Может, это и будет наилучшим финалом для книги? Чапарро только что закончил повествование о своей второй встрече с Моралесом в баре на площади Онсе. Вчера. И чувствует соблазн закончить именно здесь свою историю. Он достаточно попотел, чтобы дойти досюда. Почему бы не успокоиться? Он рассказал про преступление, про поиски и про поимку. Плохой в тюрьме, хороший отмщен. Почему бы не остановиться на удачном финале? Одна часть Чапарро ненавидела неопределенность, отчаянно жаждала завершения, считала, что это идеально — дойти именно до этого места, плохо ли, хорошо ли у него получилось рассказать то, что он хотел, и тон, который он подобрал для рассказа, кажется ему самым подходящим. Персонажи, которых он создал, не копируют живых людей, которых он знал, и плохо ли, хорошо ли, но эти персонажи зажили своей жизнью. Но более осторожная половина Чапарро подозревает, что если он продолжит, то все полетит к чертям, история ускользнет из его рук, и персонажи начнут действовать по своему усмотрению, перестав придерживаться соответствующей схемы поведения или вовсе о ней забыв, что в данном случае одно и то же, — и все полетит в тартарары.
Но у Чапарро есть и другая половина и огромное желание поддаться именно ей. В конце концов, желание и решение рассказать именно эту часть привело его к написанию того, что уже есть на бумаге. Эта часть прекрасно помнит, что история на этом не закончилась, а продолжала идти своим чередом, и еще не все рассказано. Что же в таком случае держит его в таком напряжении, заставляет так нервничать, делает таким рассеянным? Это всего лишь сомнение — продолжать или нет? Как же это неприятно, находиться посередине реки и не видеть другого берега?
Ответ был самым легким и самым трудным одновременно. Он так себя чувствует, потому что вот уже три недели у него не было никаких новостей от Ирене. Конечно, с чего бы им быть? Не было никаких причин, по которым они должны были у него быть, будь неладна она, он сам и этот его чертов роман. Он опять начинает ходить кругами вокруг телефона и полностью отвлекается от книги, потому что его голова забита выдумыванием самых невероятных причин, которые могли бы служить оправданиями для звонка Ирене.

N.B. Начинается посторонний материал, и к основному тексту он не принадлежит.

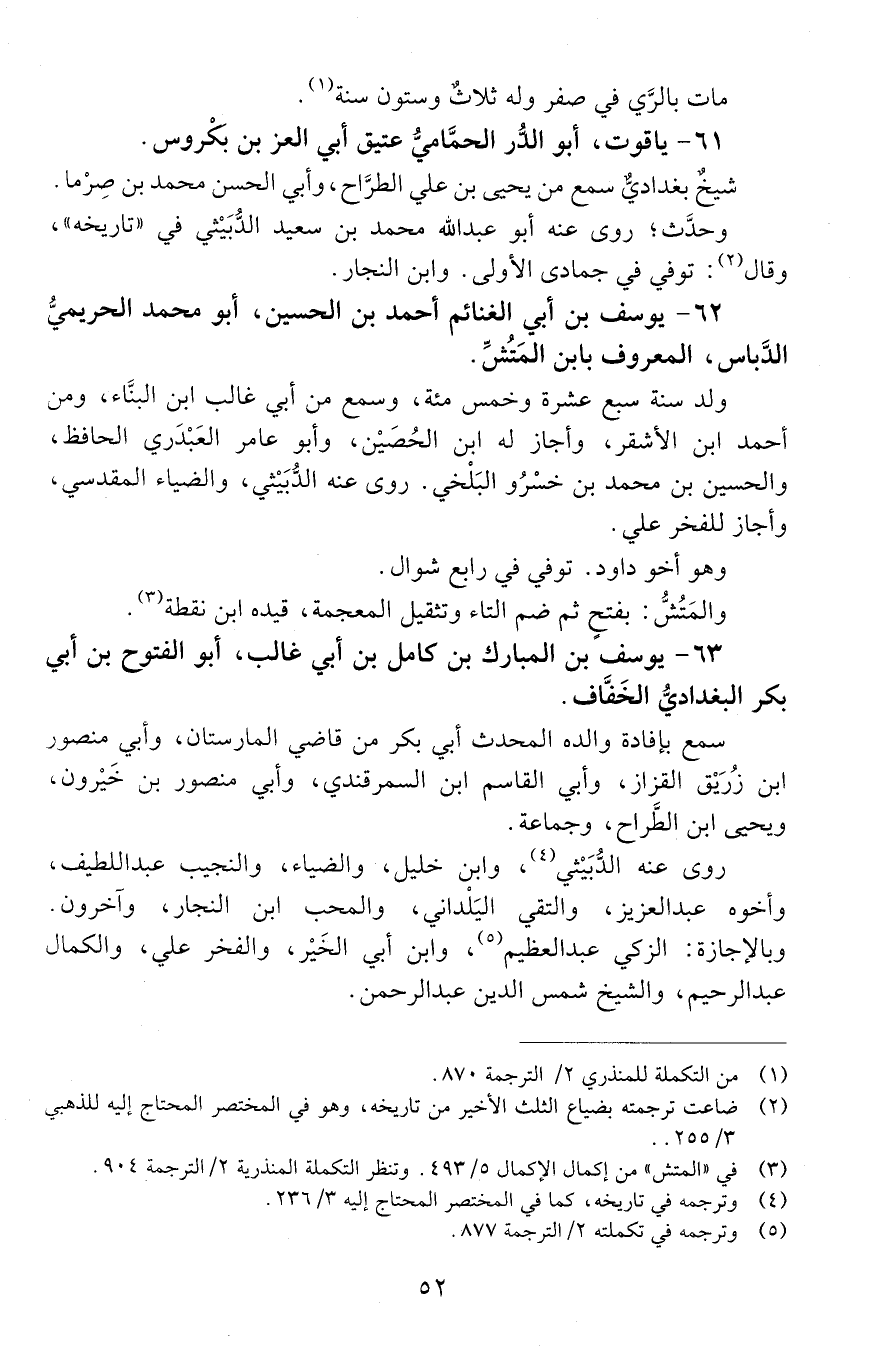 63 - يوسف بْن المبارك بْن كامل بْن أَبِي غالب، أَبُو الفتوح بْن أَبِي بَكْر البغداديّ الخَفّاف. [المتوفى: 601 هـ]

На этот раз он томится бессонницей и литературным бездействием всего лишь два дня до того, как поднимает телефонную трубку.
— Алё? — Это она, в своем кабинете.
— Привет, Ирене, это…
— Я знаю, кто это. — Короткое молчание. — Можно узнать, куда ты запропастился на столько времени?
— …
— Алё? Ты еще там?
— Да, да, конечно. Хотел позвонить тебе, но…
— И почему же не звонил? Не о чем было меня попросить?
— Нет… то есть да… Ну не то чтобы попросить о чем, просто думал, что, может, найдем время, чтобы почитать некоторые главы романа, если тебе, конечно, хочется…
— С радостью! Когда приедешь?
Когда разговор заканчивается, Чапарро не знает, радоваться ли энтузиазму Ирене (из-за неизбежности их встречи в четверг и из-за того, что она узнала его голос до того, как он сказал, кто это) или же беспокоиться из-за того, что придется отнести ей несколько глав, чтобы она их прочла. И что его дернуло сделать такое предложение? Нервы, это все нервы, не иначе. Чапарро подозревает, что ни один серьезный писатель не стал бы показывать белые нитки в своей работе.
В любом случае, и это странно, он понимает, что его не столько тревожит мысль о том, что он несерьезный писатель, сколько то, что ему действительно важно выпить кофе в четверг с Ирене.